Agence France-Presse
Biden under attack as 2020 Democrat rivals urge passing of torch
With so many potential challengers to Trump, the Democratic party splits the top 20 candidates into debates on two nights in southern Florida, a key swing state in next year's election

MIAMI, USA – Frontrunner Joe Biden faced withering criticism on multiple fronts Thursday, June 27, from his Democratic rivals for the 2020 presidential nomination, including calls to leave the battle to oust Donald Trump to a younger generation.

In a sometimes scrappy battle of the Democratic heavyweights, Senator Kamala Harris landed several blows on Biden in a nationally televised debate, putting the former vice president on the defensive as he argued that he is best-positioned to take on the Republican president in an election.

Biden blasted Trump for his “horrible” policies that have exacerbated income inequality, while his chief rival for the nomination, Senator Bernie Sanders, took it directly to the “phony” president, calling him “a pathological liar and a racist.”

But it was the 76-year-old Biden, back on the debate stage for the first time in seven years, who found himself under an unexpectedly sharp and early attack from a lower-tier candidate half his age.

Congressman Eric Swalwell, 38, called on the former vice president to “pass the torch” to a new generation of party leaders better equipped to tackle climate change, expand health care coverage, and reduce gun violence.

“I’m still holding on to that torch,” Biden snapped back.

Several rivals were clearly seeking to wrench it from his grip, including Harris, the only black woman in the race, who made a stirring call for Biden to recognize his recent “hurtful” comments about being civil with avowedly segregationist US senators.

Biden, with the room dead quiet, insisted he does not “praise racists,” and denied he opposed initiatives in the 1970s to bus children from predominantly black communities to better schools in more prosperous neighborhoods.

“There was a little girl in California who was part of the second class to integrate her public schools and she was bussed to school every day,” Harris said, in one of the evening’s most potent moments.

“That little girl was me.”

‘We are hurting’

Another candidate in the upper tier, Pete Buttigieg, has also been on the back foot on racial issues.
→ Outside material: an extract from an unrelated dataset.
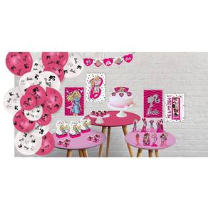 Kit Festa Só Um Bolinho Barbie - FesticolorCada Kit traz 90 peças distribuídas em25 - Balões - Bexigas - látex - tamanho 9 polegadas40 - Portas Forminhas - papel offset08 - Decorações de Mesa - papel cartão - aproximadamente 22 cm x 15 cm04 - Topo de Bolo - papel cartão - tamanhos diversos01 - Faixa Decorativa - papel cartão e barbante - 2,40 m x 19 cm04 - Quadros Decorativos - papel cartão - 21 cm x 31 cm08 - Caixas Surpresas - 9 cm x 5 cm x 13 cmSUPER DICACada Balão de Látex tem seu tamanho descrito em POLEGADAS.RESPEITE-OS e siga as orientações dos fabricantes nas embalagens.Desta forma, você evitará perdas e aproveitará ao máximo seus Balões

The 37-year-old mayor has been grappling with furious residents in his city of South Bend, Indiana, following the fatal shooting of a black man by a white police officer.
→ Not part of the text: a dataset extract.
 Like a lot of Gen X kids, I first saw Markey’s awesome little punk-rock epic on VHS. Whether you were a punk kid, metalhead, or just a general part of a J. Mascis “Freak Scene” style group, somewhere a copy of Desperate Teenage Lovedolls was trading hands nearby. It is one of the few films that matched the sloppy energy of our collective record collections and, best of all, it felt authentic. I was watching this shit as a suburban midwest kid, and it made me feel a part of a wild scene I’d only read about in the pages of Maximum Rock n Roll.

“When I look into his mother’s eyes, I have to face the fact that nothing that I say will bring him back,” Buttigieg said, adding that such tragedies are happening in communities across America.

“It’s a mess. We are hurting.”

Biden jousted with nine rivals on the climactic second night of a sprawling debate featuring Democrats eager to introduce themselves to a national audience.

With so many potential challengers to Trump, the party needed to split the top 20 candidates into debates on two nights in southern Florida, a key swing state in next year’s election.

Thursday’s session featured 4 of the race’s top five candidates in national polling, including Biden’s main challenger Sanders, the 77-year-old US senator whose high-spending policies like universal healthcare have pushed the party leftward in recent years. 

The top tier also includes Harris and Buttigieg, who shot to prominence earlier this year but has seen that momentum tail off.

Biden endured attacks not just from the new generation but from the old guard. When Biden, questioned about his Senate vote in support of the Iraq war, insisted that he took responsibility for getting 150,000 combat troops out of Iraq, Sanders pounced.

“Joe voted for that war, and I helped lead the opposition to that war, which was a total disaster.”

Biden, seeking a recovery in his closing remarks, called for restoration of “the “soul of the country. This president has ripped it out.”

“We have got to unite the United States of America,” he added.

All candidates savaged Trump for his immigration policy, including Senator Kirsten Gillibrand who said the president had “torn apart our moral fabric” by separating children.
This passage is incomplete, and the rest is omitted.